Do not just run a workshop because it sounds useful. Build a programme around the behaviours your organisation actually needs.
For new managers, that might mean feedback, delegation, trust and confidence. For middle managers, it might mean accountability, psychological safety, performance and hybrid leadership. For senior managers, it might mean change, culture, talent, ethics and high-performing teams.
The power comes from joining it up across the organisation. When managers at every level are learning a shared language and practising the same core behaviours, leadership development becomes much more than training. It becomes part of how the organisation performs.
Final reflection
It has been a real pleasure to support Oxford International Education Group on this programme, and a huge amount of credit has to go to their People and Learning & Development team for the way they have shaped, supported and championed the work internally through their co-design and delivery of the programme, listening to feedback and adapting the programme to meet the needs of the managers attending the workshops.
This is the kind of leadership development I think more organisations should be investing in.
It was global. It was practical. It was based on data. It reached managers at every level. It covered the real leadership skills managers need now: emotional intelligence, feedback, challenge, performance, psychological safety, inclusion, change, conflict, wellbeing, ethics and high-performing teams.

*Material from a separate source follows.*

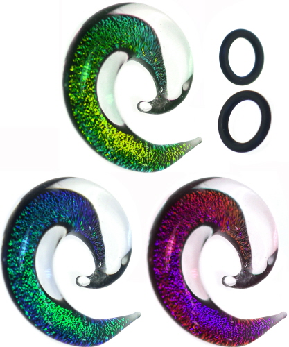 Blau, Regenbogen, Durchsichtig Multi-Color Glas Ohr Piercing Expander Spiralen Plug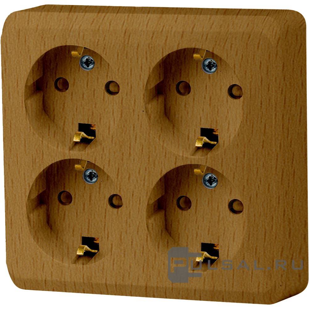 Розетка Этюд, со шторками, с заземлением, четверная, винтовые клеммы, цвет - бук

Most importantly, it is already showing positive movement in the areas it was designed to strengthen.
That is what good leadership development should do.
It should help managers feel more confident. It should help teams feel better led. It should improve the quality of conversations around goals, feedback, wellbeing and performance. And over time, it should help create a culture where people are clearer, more supported, more accountable and better able to do their best work.
Because managers are the people who turn strategy into everyday experience.
And when you support them properly, the impact can be felt right across the organisation.